UK consumer inflation to "fall sharply" through rest of 2023 - Lloyds
(Alliance News) - UK consumer price inflation should "fall sharply" through the rest of the year, analysis from Lloyds reiterated on Friday.
It expects the consumer price index to fall to around 4.4% by the end of 2023, which is marginally higher than its previous 4.2% forecast, but below current levels by 240 basis points.
Figures from the Office for National Statistics on Wednesday showed that the UK headline inflation figure cooled as expected last month, but core inflation proved stubborn.
Annually, consumer prices rose by 6.8% in July, cooling from a 7.9% jump in June. July's reading was in line with market forecasts, as cited by FXStreet. Lloyds said this was in line with its and the Bank of England's expectations.
The ONS said that falling gas and electricity prices were the largest contributor to the falling annual rate. A cooling in food inflation also helped.
Lloyds said: "That deceleration was largely due to the softening in goods prices inflation, to 6.1% [year-on-year] down from 8.5% the month prior. In contrast, services price inflation rose to 7.4% [year-on-year] in July from 7.2%."
On a monthly basis, UK consumer prices fell 0.4%, compared to a 0.1% rise in June. Market expectations had been for a 0.5% fall.
Core inflation - excluding energy, food, alcohol, and tobacco - was unchanged on an annual basis from June's reading of 6.9%. It had been expected to cool to 6.8%.
"The divergence between goods and services price growth is likely to remain a key theme throughout 2023. Second round effects point to upside risks for services inflation that could impede the expected deceleration in the headline inflation rate," said Lloyds.
"A key issue will be the extent to which housing market dynamics feed into higher rental prices. Rents rose 6.5% [year-on-year] in July the fastest rate on record and we expect rental price inflation to accelerate further in the coming months.
"More broadly, in the three months to June, private sector wage growth accelerated to its fastest comparable rate since records began in 2001 signalling the risk of sustained domestically driven inflation."
Lloyds also said that the previously announced increase in alcohol duty for some alcoholic drinks and higher fuel prices are "likely to exert sufficient upward pressure" in August, despite the sharp fall in headline inflation in July.
This could cause the headline inflation rate for August to stop falling or "possibly print marginally higher" than the 6.8% rate in July.
Despite this, Lloyds said it maintains the view that CPI inflation will fall sharply through the rest of 2023.
"The largest contributors to the deceleration are likely to be energy and food price deflation with the former having a negative contribution to headline CPI from October," Lloyds said.

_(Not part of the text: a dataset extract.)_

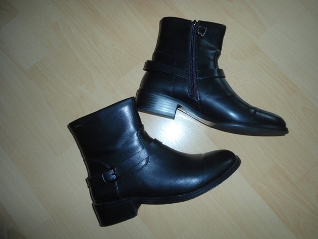 Prechodné čižmy - [9.1. 2026]Ponúkam na predaj čierne kožené dámske čižmy,značka TAMARIS. Veľkosť 39. Šírka sáry je 36 cm, šírka v členku asi 13 cm.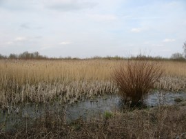 The path follows a broad track that heads round to the left by the edge of Cleveland Lake before reaching a gate where the route heads sharp right away from the lake. This stretch of path is followed up to another track where the well signed route heads to the left, following the track round three sides of a field before heading up to join the track bed of the railway line that used to run to Cricklade. The Thames Path heads to the right along the course of the old railway until it reaches a bridge over the river where the route descends from the railway embankment to join a path, photo 26, once again running alongside the River Thames with meadows of the North Meadow National Nature Reserve to the left, photo 27. This meadow is well known for the Snake's Head Fritillary that flower there every Spring. While we were a bit too early to see the flowers but there were warning signs in place asking walkers to stick to the paths as the plants were starting to grow.

It also noted that UK energy regulator Ofgem is expected to announce the price cap effective from October 1 on Friday next week. "We will revise our forecasts after that as necessary," said Lloyds.
Falling inflation would impact the decision-making of the Bank of England as to whether it should continue tightening its monetary policy. The next decision is due on September 21.
Earlier this month, the UK central bank enacted its fourteenth successive interest rate hike, lifting bank rate by 25 basis points, believing its monetary policy is now in "restrictive" territory.
The move took the benchmark bank rate to 5.25% from 5.00% previously, with a majority of Monetary Policy Committee members voting for the hike.
Across the world, central banks have been raising interest rates in a bid to curb inflation.
US Federal Reserve officials continue to see "significant" upside risks to inflation and suggested further interest rate increases may be necessary, minutes from the July Federal Open Market Committee meeting on Thursday showed.
At that meeting, the US central bank lifted rates by a further 25 basis points to 5.25% to 5.50%, the highest level in more than two decades, a rise that many economists believe will be the last of this cycle.
The next FOMC meeting will be held from September 19 to September 20. An interest rate decision is expected to be announced at 1900 BST on September 20.
At the end of July, the European Central Bank lifted eurozone interest rates by 25 basis points, as expected.
The decision by the ECB Governing Council took the interest rate on the main refinancing operations, the marginal lending facility, and the deposit facility to 4.25%, 4.50% and 3.75%, respectively.
It means the Frankfurt-based central bank has hiked its policy rates by a cumulative 425 basis points during the current tightening cycle. Its next interest rate decision will be on September 14.